March 2009
More apologies for taking so long between posts, I will try to do better.
Quickly with the work update. I am working on a project to help teachers and students think differently about science by training them as science journalists. We have a grant that gives a pilot group of hs and ms teachers and students the technology, training, and access to expertise for them to create short media products explaining how science connects to everyday life. This pilot project will focus on virology and we have partnered with 8 outstanding virology research projects throughout the University of Nebraska system.
Amongst the many challenges is working on a project that I was not involved in the design phase. I believe very strongly that any kind of learning activity has to start with the learners, and I am a big proponent of scenario-based design. This project started with what resources do we have and what can we do not what will students do in a class. The result is that all of the partners and modules are oriented around the production of media and the quality of the product, and not the experience of learners in a classroom. These are not mutually exclusive perspectives but their different orientations require different questions at different times. As this project goes forward, my role is increasingly to ask the question: What are students actually going to do? What are they actually supposed to learn?

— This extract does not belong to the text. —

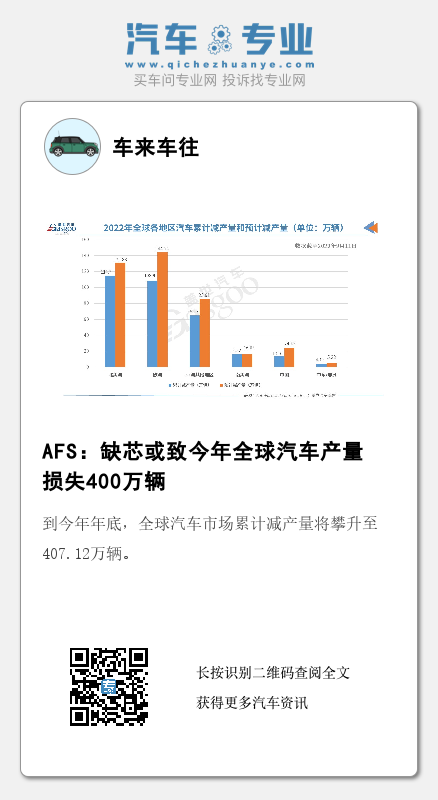 根据汽车行业数据预测公司AutoForecast Solutions(以下简称为AFS)的最新数据,截至9月11日,由于芯片短缺,今年全球汽车市场累计减产量约为323.2万辆。AFS预测,到今年年底,全球汽车市场累计减产量将攀升至407.12万辆。

Kids: Of course I love them but man, the past few weeks have been really hard.Here are some good things first: Micah’s logic, math, and reading skills are amazing and improving rapidaly. He and I have been playing backgammon recently and he understands the math and is getting better every time at the strategy. He also is getting great at understanding orders of magnitude and has a sense of the difference of ten, hundred, thousand, million, etc. Wow! His reading is also amazing, I overheard him reading out loud ot himself from a Richrd Scarry book the other night; he paused looked up at me I looked at him, and then he kept going.
Noemi is learning how to write her name and loves everything about letters. She is also coming up with more and more complex stories all on her own including one about a cat that sneaks into her brain and steals letters until she is able to thrown him out of the house. She and I spend a lot of time together and she is great at giving spontaneous hugs and kisses, it is wonderful.
On to the stuff that therapists dreams and livelihoods are made of: I actually had the first “Daddy I wish you were dead” yesterday when we were walking home from school. Micah has been thinking and talking about death a lot so I know it is on his mind; I told him “I know you are old enough to understand what that means, so think very hard if you really mean that or if you are just angry” He clammed up and didn’t talk for awhile then seemed to get past it when he saw Sarah coming up the street to meet us. Hearing that was hard; even if I take in the context of a young kid going through a rough period of time and fully confident that he doesn’t mean it. Still hard to hear.
Noemi flipped the stubborn switch a few weeks ago and is now adamant about everything that hers is the only way and hers is the only voice. It used to take quite a bit for her to meltdown and now she seems to hit that melt down phase alarmingly fast. My memories – and admittedly already they are fried – are that Noemi certainly went through mood swings but they were so much more gradual and she was often open to persuasion or even outright bribes before resorting to confrontation. Wow.
So we’re hopeful that both of the kids are working their way through phases and that we as parents are also adjusting to the people they are becoming not who we think they were or should be.
I feel your pain with the parenting obstacles. It’s so hard to be alone with kids all day, they really abuse the ones they love sometimes. Ian is in a very “I hate you” phase any time I make him do horrible things like pick up his room. Micah will appreciate you 25 years from now when he becomes a father (talk about delayed gratification!).